Taking out a second mortgage to buy stocks

Anonymous
This is smart move, no sarcasm.

Housing is a depreciating asset going forward for a variety of reasons (unless you live in Silicon Valley or Seattle ).

You take out the fixed rate loan and put it into the stock market and become part of ownership class. I would aim for Palantir and OpenAi, still have room to run when they are used by gov for everything.

I am always skeptical of “this time is different”, but the current epoch is changing, to a world where there are owners and serfs with most productive and valued work done by machines. Get on the ride side of history.


I am always
Anonymous
This is not a good move at that 8.49% rate. That rate is way too high to consider this. People, including Financial Planners, would love a guaranteed 8.49% return and you have to beat that number to make this work.

Easy pass.
Anonymous
Omg do not do this!!! He cannot be for real.
Anonymous
Of course this is not a good move.
Anonymous
Crazy. And dumb.
Anonymous
We did this but with a triple leveraged Nasdaq fund (TQQQ). With annual returns averaging 8-10% (not accounting for inflation, so more like 6-8% real returns), we are almost guaranteed an annualized return of 20-24%. Our current HELOC rate is 7.625%, so we are basically printing $50k annually for the next 25 years. I thought everyone did this?
Anonymous
Anonymous wrote:We did this but with a triple leveraged Nasdaq fund (TQQQ). With annual returns averaging 8-10% (not accounting for inflation, so more like 6-8% real returns), we are almost guaranteed an annualized return of 20-24%. Our current HELOC rate is 7.625%, so we are basically printing $50k annually for the next 25 years. I thought everyone did this?


No, only the idiots do.
Anonymous
Oh, hell no!
Anonymous
People were saying to not invest in Nvidia 5 years ago and it was going to crash. Look at where Nvidia is now. Always remember that people always say there are bubbles and never are shamed into not giving their opinions again when these bubbles never burst.

People were saying Apple was a goner when Steve Jobs died too.

Anonymous
Anonymous wrote:DH is convinced this is a brilliant move and has initiated a second mortgage on our house. $300K 30-year fixed APR at 8.49%. This gives us $950K debt total on a $1.3M house.

Wants to buy in to AI stocks before it is too late. Is everyone else doing stuff like this and I’m just overly conservative? This seems like a bad move.

Commit him to a mental hospital.
Anonymous
Anonymous wrote:People were saying to not invest in Nvidia 5 years ago and it was going to crash. Look at where Nvidia is now. Always remember that people always say there are bubbles and never are shamed into not giving their opinions again when these bubbles never burst.

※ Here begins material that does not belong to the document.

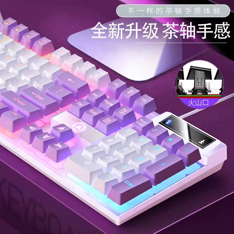 电竞茶轴红轴鼠标套装笔记本台式电脑圆键外设

People were saying Apple was a goner when Steve Jobs died too.



recency bias
/ˈrēsən(t)sē ˌbīəs/
noun
noun: recency bias
the tendency to be disproportionately influenced by recent occurrences when evaluating or making a decision about something.
"one way to reduce the recency bias is to look at more data over time"
Anonymous
Anonymous wrote:People were saying to not invest in Nvidia 5 years ago and it was going to crash. Look at where Nvidia is now. Always remember that people always say there are bubbles and never are shamed into not giving their opinions again when these bubbles never burst.

People were saying Apple was a goner when Steve Jobs died too.



Hindsight is always 20/20. For every Nvidia, Apple, Amazon, there are thousands of companies that don't make it. Are you willing to bet your house picking the next future winners?
Anonymous
When 30 yr mortgage rates were sub 3% and there was no cap on SALT, the upside of borrowing more to invest in the market was pretty high. With mortgages at 8.5% and the SALT cap in flux, the upside is much more limited.
Anonymous
A HELOC rate in the 7s and a mortgage in the 8s is not a winning strategy, PP.
Anonymous
If OP’s post is real I’d start calling mental health professionals.